Noting a recent increase in Taliban attacks against U.S. and allied forces, Gates said the United States should “keep the initiative” and not allow the radical Taliban movement to regroup.

Gen. Peter Pace, chairman of the Joint Chiefs of Staff, did not mention any specific troop increase, but said it might make sense for “a short-term plus-up” if that would head off the potential need for even more in the years ahead.

Gates said the commanders’ recommendation for a troop increase would be considered first by the joint chiefs and he would then decide what to recommend to President Bush.

'The border area is a problem'
Earlier, Gates had stood on a rocky dirt track ringed by 6,000-foot, snow-dappled ridges at Forward Operating Base Tillman as he came almost eye-to-eye with the source of the administration’s worry about losing years of costly gains against the Taliban.

Gates, bareheaded and wearing a brown bomber jacket against the winter’s chill at the bleak outpost, looked east into a part of Pakistan just a few miles away that has become an infiltration route for a growing number of Taliban fighters. U.S. military officials say they have evidence the Pakistani military has turned a blind eye to the border incursions.


  Click for related content 
NATO: Taliban leader detained in Afghanistan



Later, at a news conference, Gates acknowledged the border security problem and said something would have to be done about it. Only one month into his tenure at the Pentagon, Gates said he had not yet studied the issue in detail.

“The border area is a problem,” Gates told reporters Tuesday after meeting with President Hamid Karzai. “There are more attacks coming across the border, there are al-Qaida networks operating on the Pakistani side of the border. And these are issues that we clearly will have to pursue with the Pakistani government.”

Karzai acknowledged the upswing in Taliban attacks and vowed to deal them a heavy blow in the months ahead.

At Tillman, Sgt. 1st Class Ronald Locklear, who has spent five months there, said the problem is well-known.

“They cross the border on a regular basis,” he said.

Gates noted that the Bush administration considers Pakistan an important ally in the global war on terrorism. U.S. military officials, however, stressed the impact of the Taliban’s ability to find sanctuary in tribal areas on the Pakistan side of the border.
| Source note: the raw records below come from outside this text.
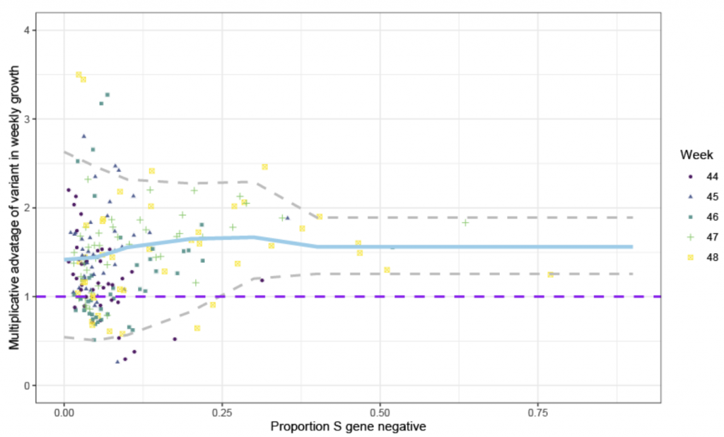 The Neil Ferguson/PHE study noted that during November (Weeks 44-48) tests that were positive for ORF and N but that were ‘S gene negative’ were both growing on average 70% faster than the more common variant (see blue line in Chart 2 below) and proliferating. Given the scatter plot, this doesn’t look like the most robust statistical conclusion to draw. However, of more concern is the fact that the growth rate of the S-dropout is being measured against the growth rate of the older variants, which itself appeared to be in decline (see Chart 1). The inappropriateness of this comparison is exacerbated by the differing geographical distribution, with the old variant predominantly found in the North of England and the new S-dropout variant in the South. If the Northern infection is naturally in decline and there is a new infection blooming in the South, we would logically expect the growth rate of the old variant to be slowing (R < 1) and of the S-dropout to be accelerating (R > 1). If so, then comparing the two would naturally yield a faster growth rate for the S-dropout because both variants would be at different stages of their epidemic cycle (Gompertz curve). Crucially though, this would not necessarily imply that the S-dropout was any more, or less, transmissible than its predecessor.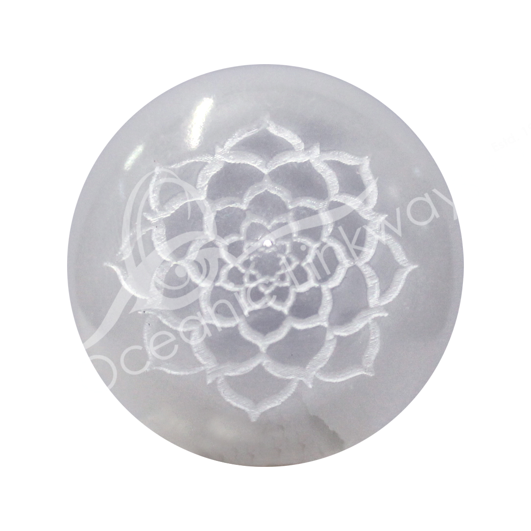 SPHERE – SELENITE ENGRAVED LOTUS 2″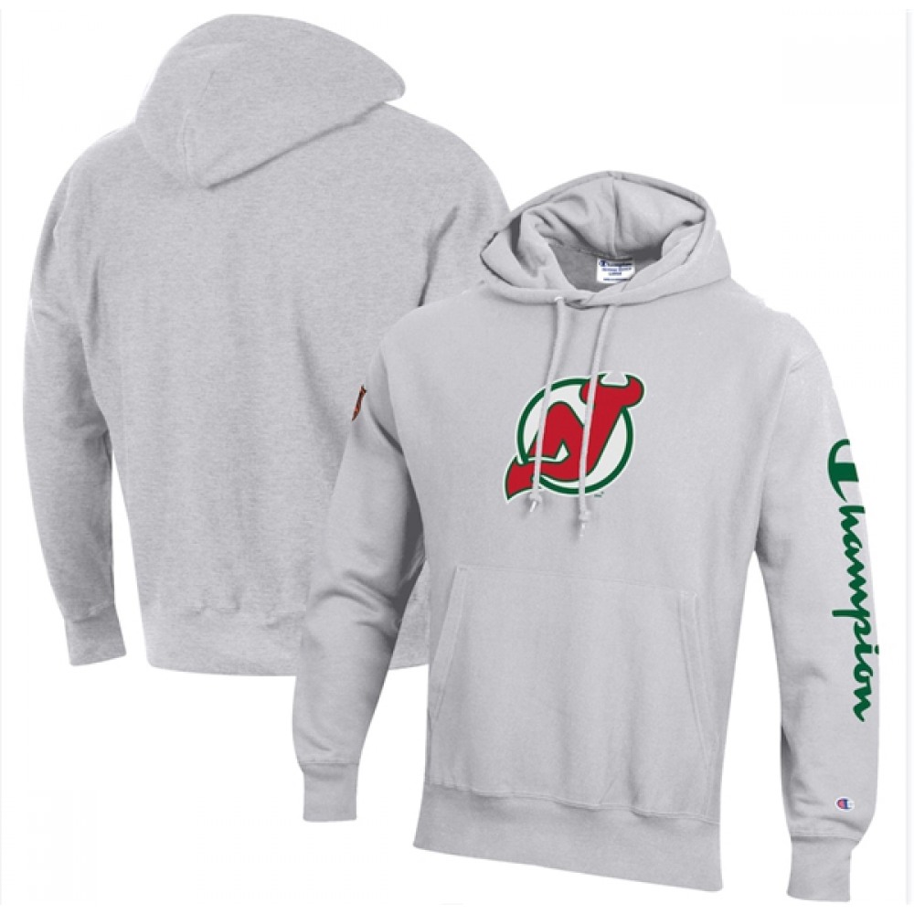 Men's New Jersey Devils Champion Heathered Gray Reverse Weave Pullover Hoodie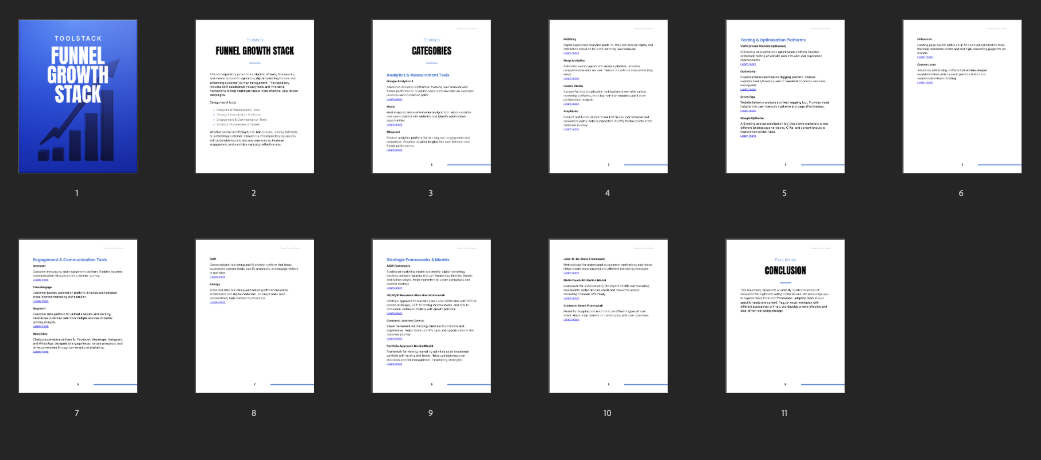 This toolstack is built to support marketing professionals, growth teams, and digital strategists in optimizing performance and enhancing customer interactions at every stage of the funnel. Whether refining existing processes or implementing new campaigns, these tools help foster sustained growth and deeper audience connection through a structured, data-informed approach.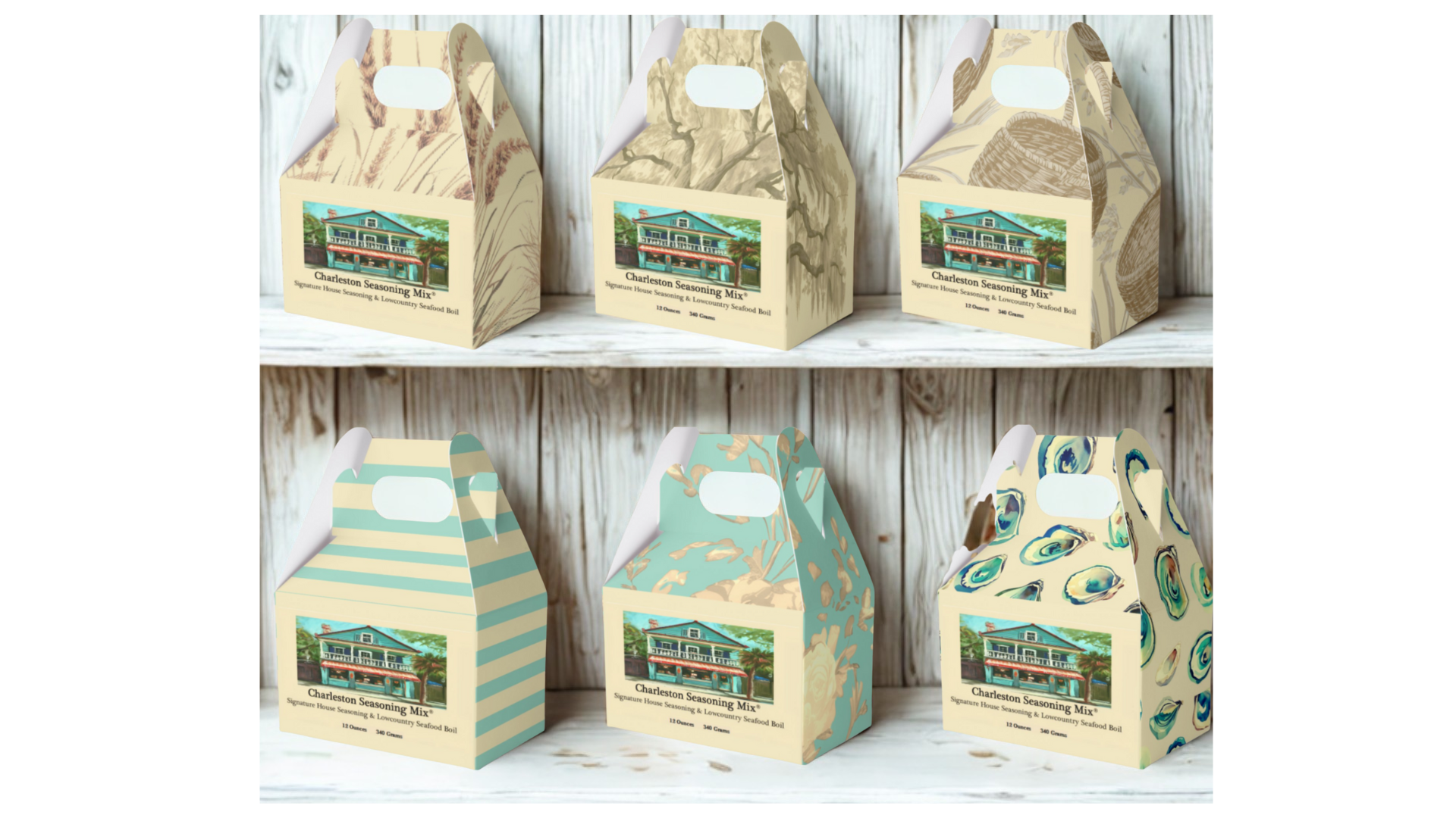 Gift box contains: (1) 6 Oz. bag of Signature House Seasoning and (1) 6 Oz. bag of Lowcountry Seafood Boil.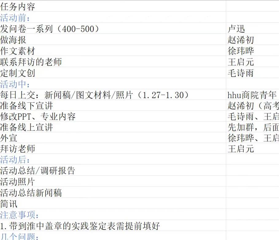 会议有三个议程项目。首先,经队长提出、队员讨论,本次宣讲活动计划以线上线下结合的方式进行。线上宣讲活动面向广大高中生及高中生家长群体,拟通过三次线上会议,讲河海故事,解求学疑难。线下宣讲分为入班宣讲和回访老师两部分。走进淮中,面对面分享认识与感悟;拜访恩师,心对心感念烛光与桃李。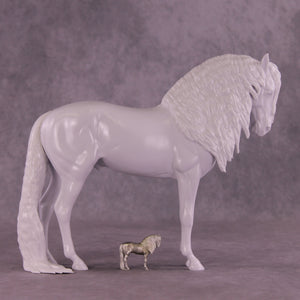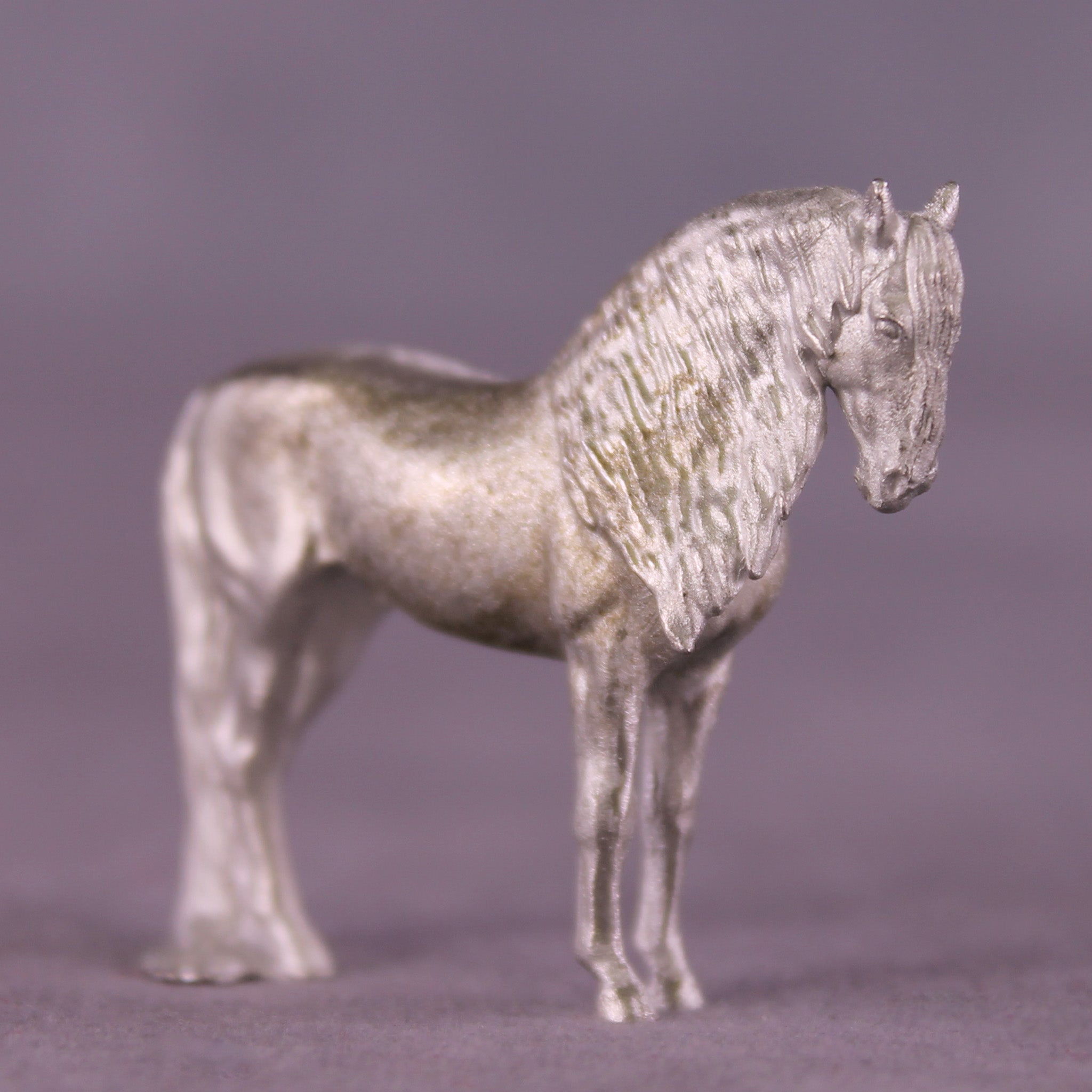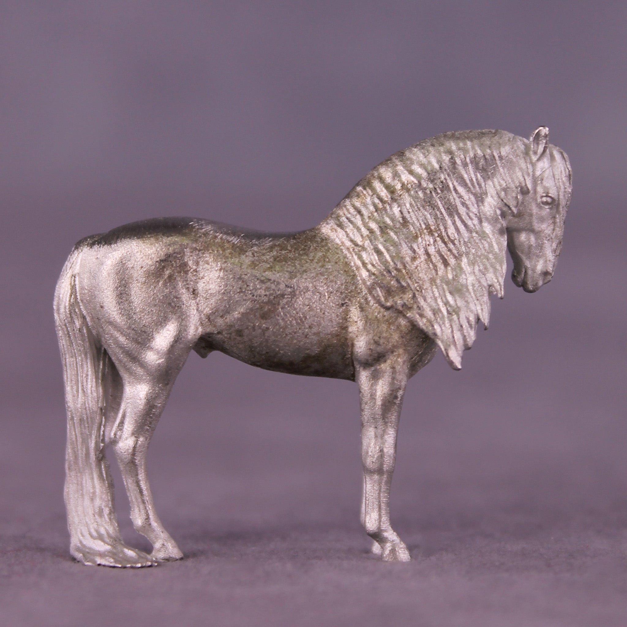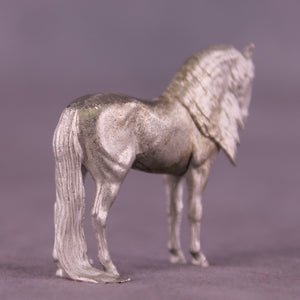 This micro is our iconic Andalusian, featuring his ever popular extra long mane and tail design. He's been professionally scanned and shrunk, and then re-balanced and detailed specifically for excellence in production in 1:64 scale by Maggie Jenner-Bennett. Along with Maggie's, these are the highest quality pewter micros on the market.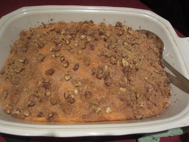 Combine above ingredients thoroughly making sure to cool potatoes slightly before adding eggs. Place in a greased baking dish and sprinkle with topping (I halved the topping). Bake for 30 minutes.

They said that allowed the Taliban to vastly increase the number of its attacks against U.S., NATO and Afghan army troops, particularly in the southern and eastern parts of the country where Osama bin Laden once operated.

The number of insurgent attacks is up 300 percent since September, when the Pakistani government put into effect a peace arrangement with tribal leaders in the north Waziristan area, along Afghanistan’s eastern border, a U.S. military intelligence officer told reporters traveling with Gates. The officer discussed the matter on condition of anonymity.

Tours extended
Meanwhile, the top American commander in Afghanistan said he has asked to extend the combat tour of about 1,200 soldiers, amid rising insurgent violence, and Gates said he was “strongly inclined” to recommend a troop increase to President Bush if commanders believe it is needed to succeed.

The prospect of a troop increase, at the same time Bush is ordering 21,500 more troops into Iraq, raises new questions about the military’s ability to sustain its pace of war-fighting on two major fronts. There now are about 24,000 U.S. troops in Afghanistan, which Lt. Gen. Karl Eikenberry said is the highest since the war began in October 2001.

It also raises questions about the future course of the war in Afghanistan, which the United States is increasingly handing off to NATO forces. Of the 31,000 troops here under NATO command, about 11,000 are American. The United States has another 12,000 or 13,000 under U.S. command to hunt down al-Qaida terrorists and train the Afghan army.

Eikenberry, the senior American commander here, told reporters he has recommended to the Pentagon that 1,200 soldiers from the 2nd Battalion, 30th Infantry Regiment, 10th Mountain Division — which is about halfway through a scheduled four-month tour in eastern Afghanistan — be ordered to stay through year’s end. Eikenberry is due to leave his post Jan. 21.

That battalion is already scheduled to deploy to Iraq later this year, an illustration of how stretched U.S. forces are by the two wars.

Eikenberry said it appears the Taliban is readying a spring offensive to focus mainly on southern Afghanistan, particularly in the city of Kandahar and other urban centers. He also said he believed the Taliban would make renewed efforts to “get inside Kabul” and to attack border posts held by NATO and Afghan national forces.

He asserted that despite the Taliban’s resurgence, “The enemy is not strong militarily. A lot of this has to do with the attempt to get psychological effects” to persuade ordinary Afghans the U.S.-backed government cannot deliver necessary services, Eikenberry said.


----------